:: What the exercise asks ::
The line containing "зону для встреч." marks the end; write out exactly every line from the start of the data up to and including it, without the pictures.

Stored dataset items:
BEGIN

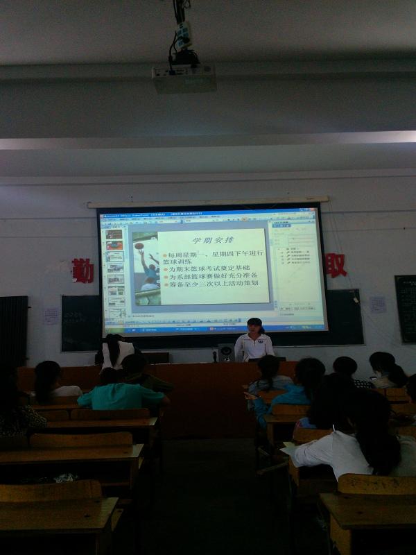 大会首先向社员们简单的介绍了篮球社的主要活动和社团的PPT展示,接着介绍了本期篮球训练的教练员周林、钟小桃,由周林为大家介绍本期的学期安排和本期系部篮球赛具体安排,以及对社员给予殷切的希望!最后进行了社员自我介绍环节,并且竞选新社员组长等相关事项。
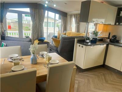 Enjoy a bright, modern living space with Smart TVs, free Wi-Fi, and a fully equipped kitchen for self-catering stays. Patio doors open onto decking and a large enclosed garden — ideal for children and pets.
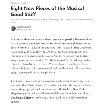 ![]() March 31, 2025 "Listening Sessions Review" Robert C. Gilbert, from Listening Sessions, gives YOU HAVE A VISITOR a rave review... Read More |
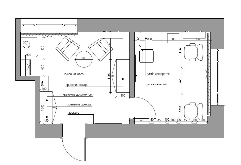 — второй превратили в многофункциональную комнату: здесь разместили мини-кухню, места хранения и зону для встреч.
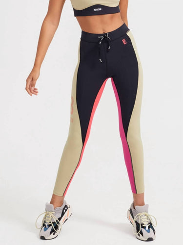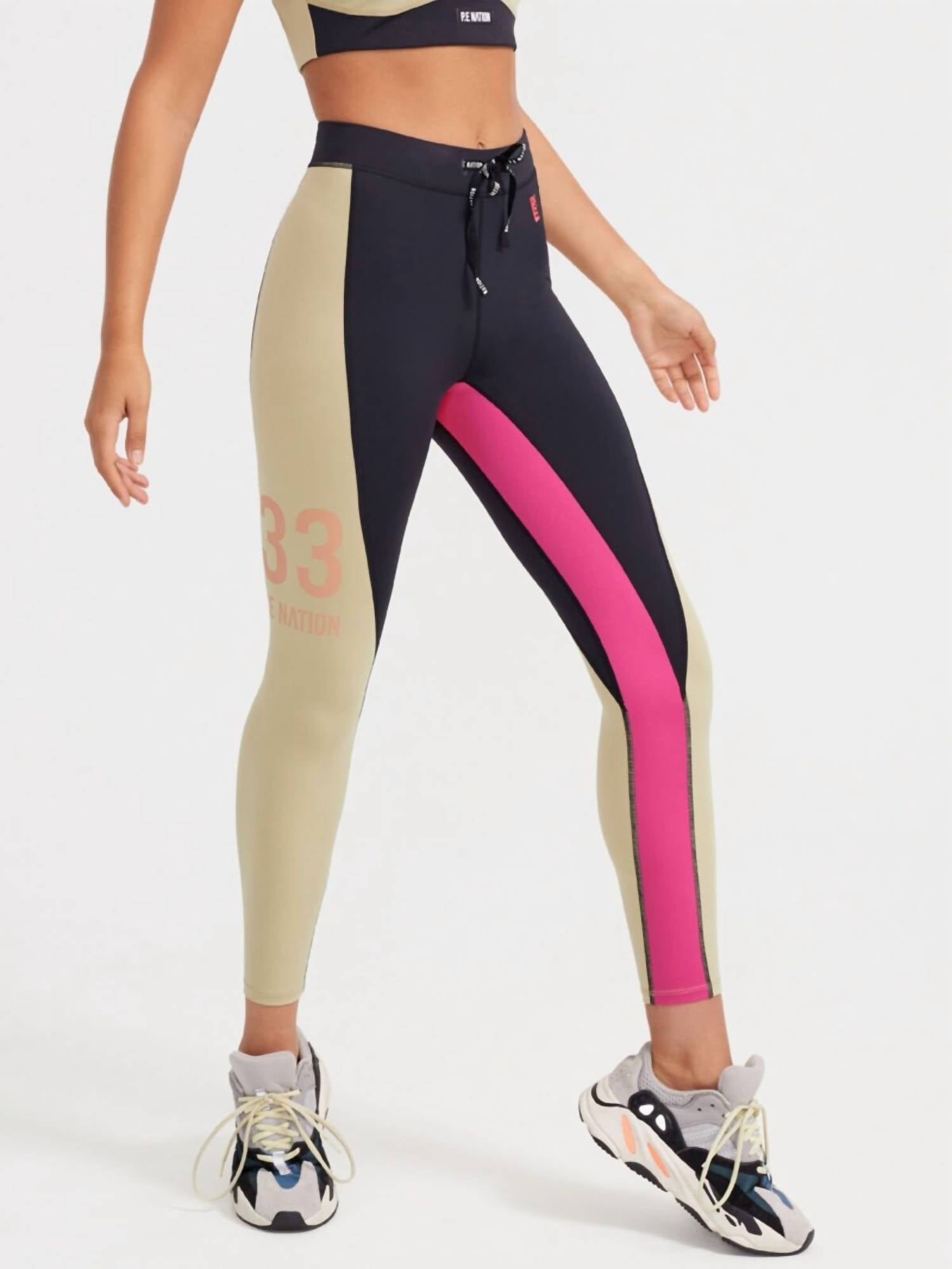 Introducing the Double Team Legging by P.E. NATION, an athleisure essential that combines style and performance. These full-length leggings boast a high-rise fit and are made from a sustainable polyester fabrication that is squatproof and lightweight. Designed with P.E Nation's signature color-blocking, they feature black waistbands, muted khaki side panels, and contrast striped leg panels. Pull-on design. Machine washable. Perfect for high-intensity workouts or casual days, these leggings offer built-in waistband support and a standout branded look with logos and patches.

END

:: Solution for this exercise ::
 大会首先向社员们简单的介绍了篮球社的主要活动和社团的PPT展示,接着介绍了本期篮球训练的教练员周林、钟小桃,由周林为大家介绍本期的学期安排和本期系部篮球赛具体安排,以及对社员给予殷切的希望!最后进行了社员自我介绍环节,并且竞选新社员组长等相关事项。
 Enjoy a bright, modern living space with Smart TVs, free Wi-Fi, and a fully equipped kitchen for self-catering stays. Patio doors open onto decking and a large enclosed garden — ideal for children and pets.
 ![]() March 31, 2025 "Listening Sessions Review" Robert C. Gilbert, from Listening Sessions, gives YOU HAVE A VISITOR a rave review... Read More |
 — второй превратили в многофункциональную комнату: здесь разместили мини-кухню, места хранения и зону для встреч.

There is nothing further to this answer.